1. `agent.learn()` calls `OnPolicyAlgorithm.learn()` in SB3, which in turn calls `RecurrentPPO.collect_rollouts()` ([L324](https://github.com/DLR-RM/stable-baselines3/blob/9e5ccc1832366d55abbf31b561ea9dcfbfdfa485/stable_baselines3/common/on_policy_algorithm.py#L324)).
2. `RecurrentPPO.collect_rollouts()` calls `RecurrentPPO.policy.forward()` on [L242](https://github.com/Stable-Baselines-Team/stable-baselines3-contrib/blob/fd7989b914937541930a23ba4e174c12854366cb/sb3_contrib/ppo_recurrent/ppo_recurrent.py#L242).
3. This calls `RecurrentActorCriticPolicy._process_sequence()` ([L237](https://github.com/Stable-Baselines-Team/stable-baselines3-contrib/blob/fd7989b914937541930a23ba4e174c12854366cb/sb3_contrib/common/recurrent/policies.py#L237)).
4. Finally, inside `RecurrentActorCriticPolicy._process_sequence()`, `nseq` is set to whatever the second dimension of the hidden state is ([L182](https://github.com/Stable-Baselines-Team/stable-baselines3-contrib/blob/fd7989b914937541930a23ba4e174c12854366cb/sb3_contrib/common/recurrent/policies.py#L182)).

Now, at the beginning this produces the expected outcome because the condition on [L191](https://github.com/Stable-Baselines-Team/stable-baselines3-contrib/blob/fd7989b914937541930a23ba4e174c12854366cb/sb3_contrib/common/recurrent/policies.py#L191) is satisfied for the entire duration of the `while` loop in `RecurrentPPO.collect_rollouts()` ([L233](https://github.com/Stable-Baselines-Team/stable-baselines3-contrib/blob/fd7989b914937541930a23ba4e174c12854366cb/sb3_contrib/ppo_recurrent/ppo_recurrent.py#L233)).
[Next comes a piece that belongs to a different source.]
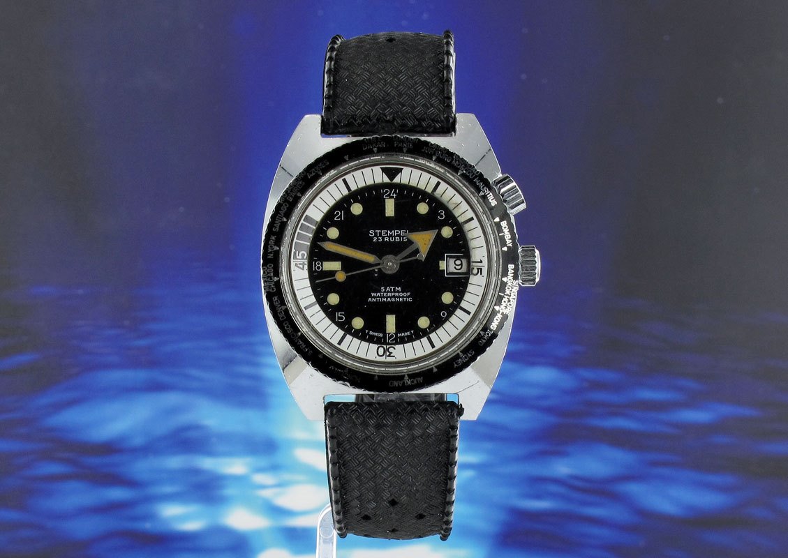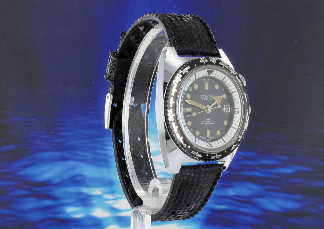Every now and then a little gem comes along without blowing its trumpet and sneaking under the radar. This Stempel is such a thing, with proper old school manual wound movement, waterproof to 5 ATM's inbuilt divers bezel and 24 hour and world time indicator not to mention a calendar if it had any other name on the dial it would have a couple of zeros added to the price. Supplied on its original tropical strap it truly is a cool piece of kit.

So for the first 128 steps we are just collecting rollouts with gradients disabled, and the shape is `[1,1,64]` and training mode is `False`, as confirmed by the output above. So far, so good.

But then we hit `OnPolicyAlgorithm.train()` (SB3 [L337](https://github.com/DLR-RM/stable-baselines3/blob/9e5ccc1832366d55abbf31b561ea9dcfbfdfa485/stable_baselines3/common/on_policy_algorithm.py#L337)), resp. [L345](https://github.com/Stable-Baselines-Team/stable-baselines3-contrib/blob/fd7989b914937541930a23ba4e174c12854366cb/sb3_contrib/ppo_recurrent/ppo_recurrent.py#L345) in `RecurrentPPO`, which sends us to `RecurrentRolloutBuffer.get()` [L147](https://github.com/Stable-Baselines-Team/stable-baselines3-contrib/blob/fd7989b914937541930a23ba4e174c12854366cb/sb3_contrib/common/recurrent/buffers.py#L147). 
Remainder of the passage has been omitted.